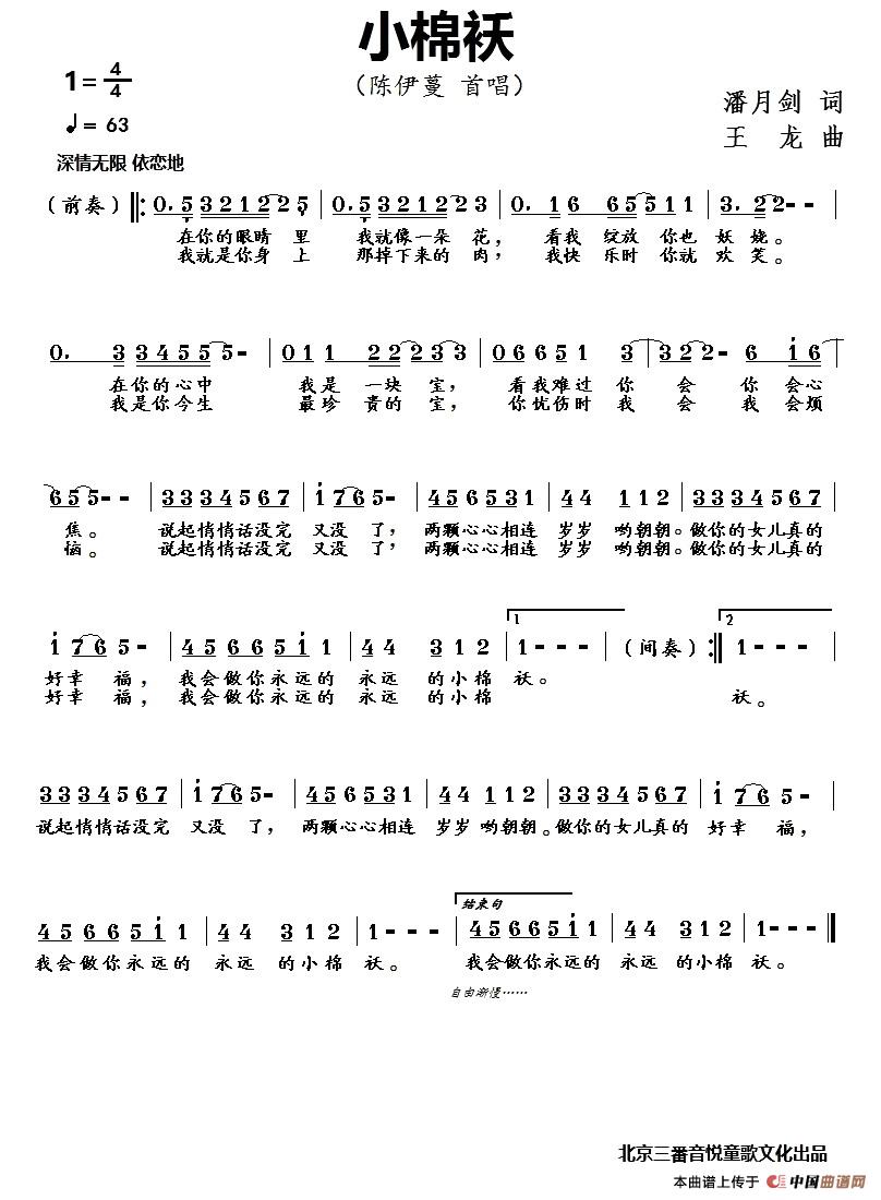 小棉袄(潘月剑词 王龙曲)(1)_原文件名:小棉袄歌谱.jpg
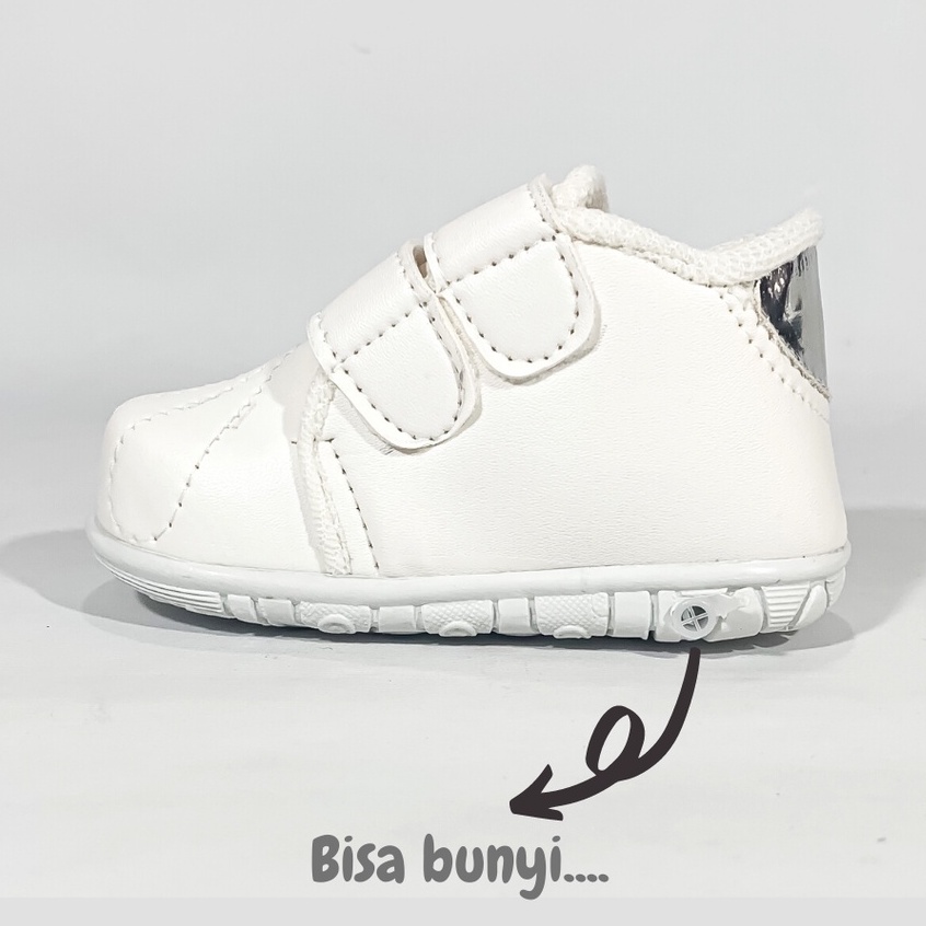 Sepatu Kets sneaker Bayi BUNYI Perekat Putih Baby Lokal SBY24
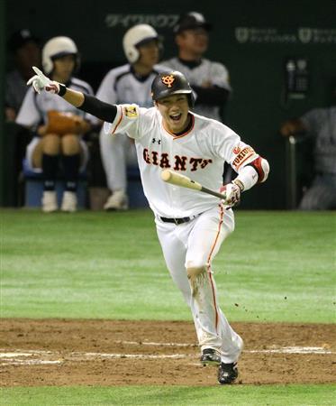九回裏、サヨナラ左安打を放った巨人の坂本勇人=2015年8月20日、東京都文京区・東京ドーム(白鳥恵撮影)【拡大】
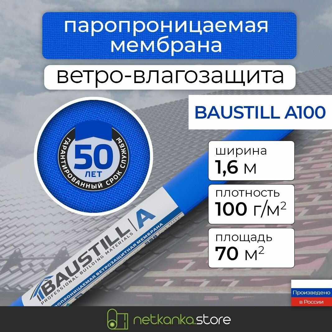Отзывы на Ветро-влагозащитная мембрана Baustill A100 паропроницаемая (плотность 100г/м, площадь 35м2)
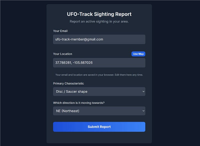 - Member Sighting Reports: Any UFO-Track member can submit a sighting through a quick online form on the UFO-Track website, instantly triggering the alert system. https://report.ufo-track.com
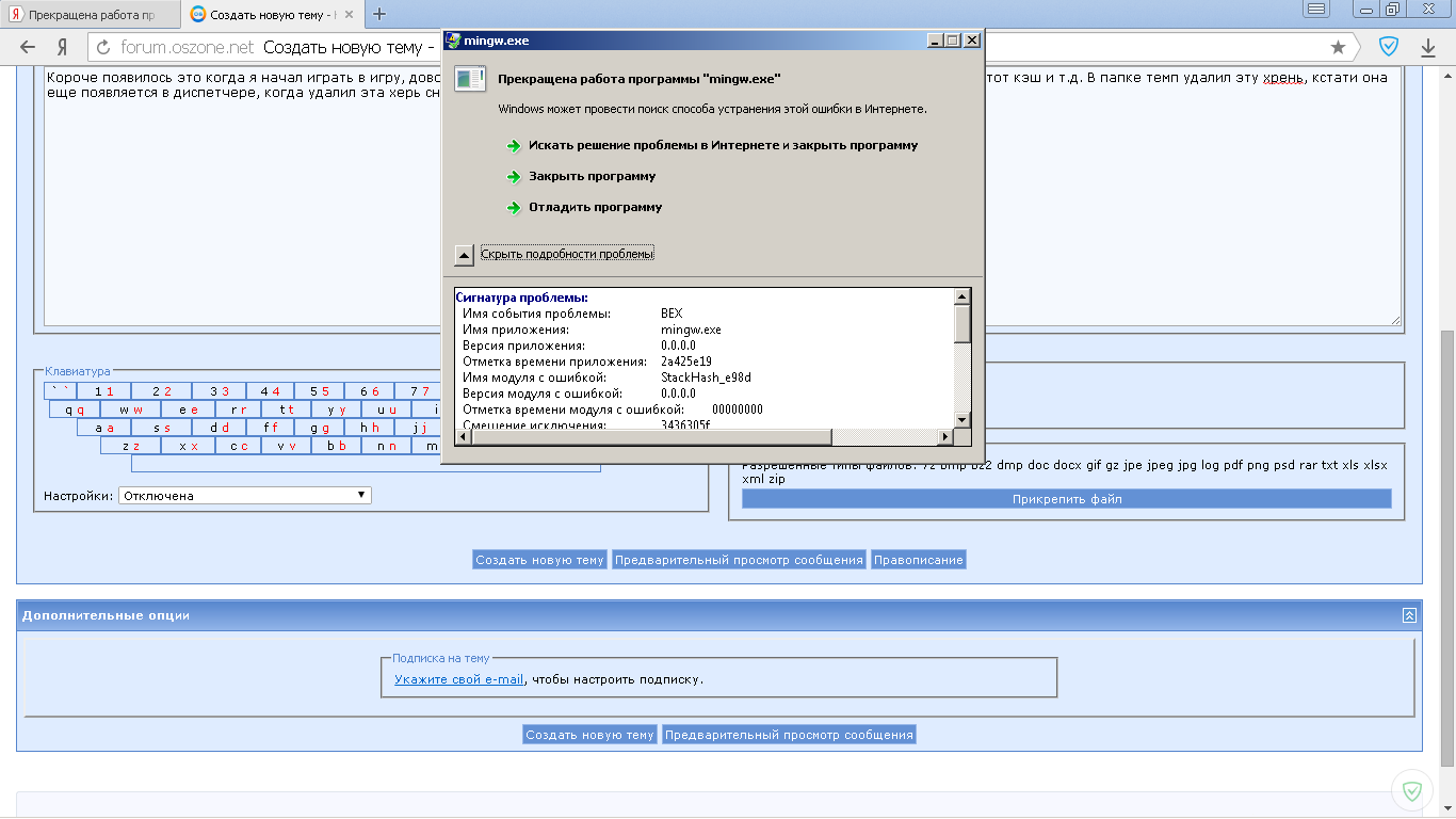 | Компьютерный форум OSzone.net » Клиентские ОС Microsoft » Microsoft Windows 7 » Разное - Прекращена работа программы "mingw.exe" всевремя |
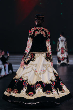 • Elevate your style with this elegant velvet ensemble, featuring a chic short jacket and matching skirt paired with a stylish jacket. Adorned with intricate resham embroidery, this set blends luxurious fabric with timeless craftsmanship, perfect for special occasions or evening soirees.
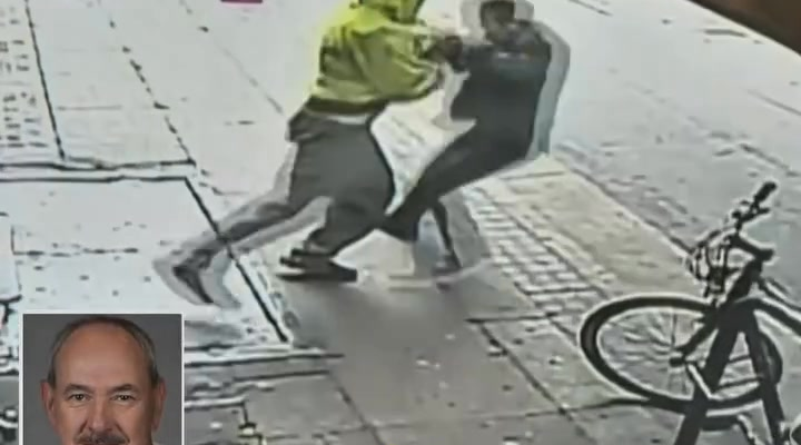 The camera shows a passerby walking calmly down the sidewalk unaware that his life is about to change. A stranger steps into frame wearing a bright yellow jacket that stands out against the gray pavement.
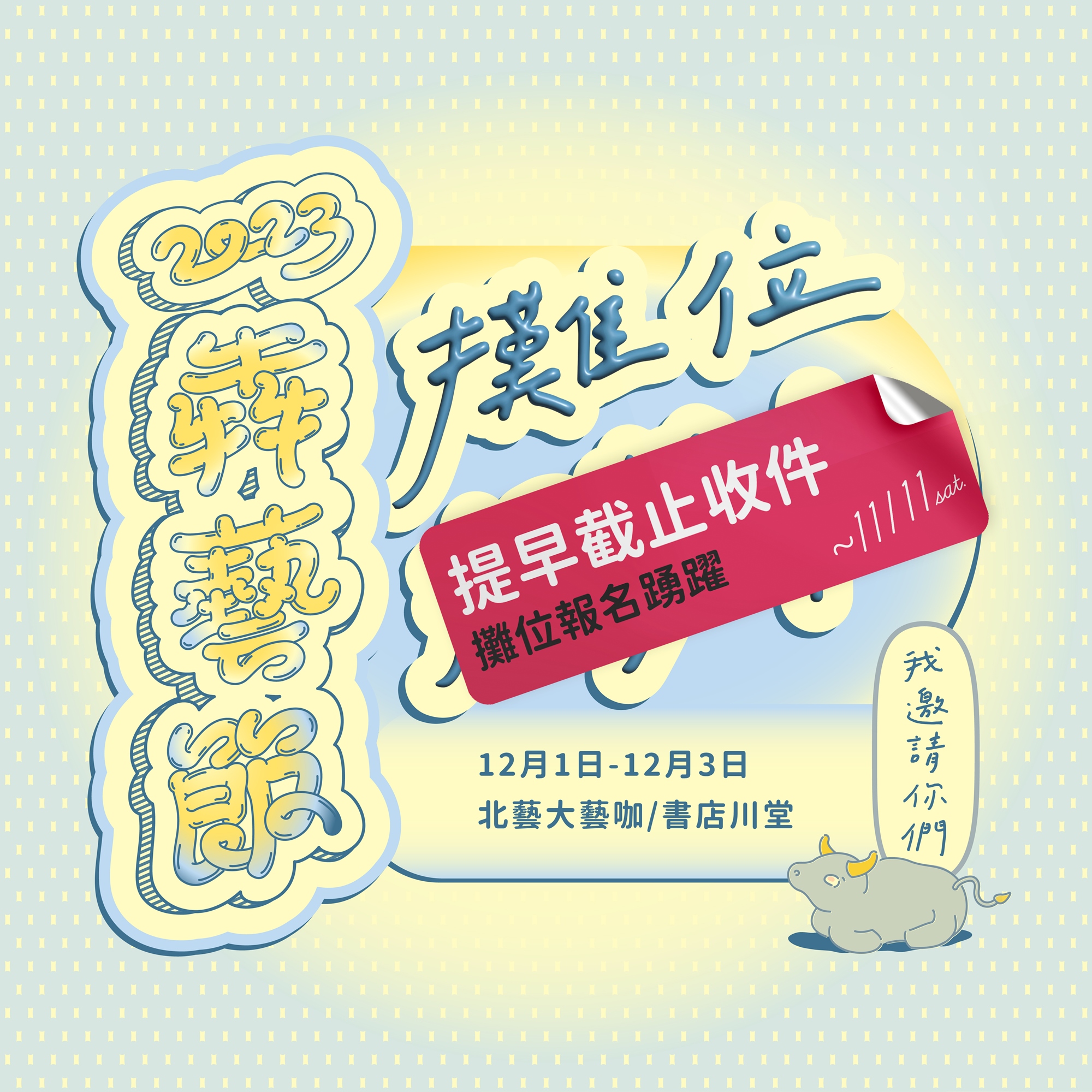 ![]() | 𝑹𝑰𝑮𝑯𝑻 𝑵𝑶𝑾我們正在招募市集攤位,廣徵北藝大所有想賺錢錢的師生校友,我們不限攤位種類,免攤位費,不抽成,但鼓勵具永續SDGs相關內容者 (如售二手衣物),更多資訊請點開下方表單連結( 報名表單➠ https://reurl.cc/2E7eNE |
-------------------------
What you have to do: Above are some records; quote exactly and only the lines that begin at the line containing "Компьютерный форум OSzone.net" and stop after the line containing "or evening soirees.", leaving out the pictures.

Task response:
 | Компьютерный форум OSzone.net » Клиентские ОС Microsoft » Microsoft Windows 7 » Разное - Прекращена работа программы "mingw.exe" всевремя |
 • Elevate your style with this elegant velvet ensemble, featuring a chic short jacket and matching skirt paired with a stylish jacket. Adorned with intricate resham embroidery, this set blends luxurious fabric with timeless craftsmanship, perfect for special occasions or evening soirees.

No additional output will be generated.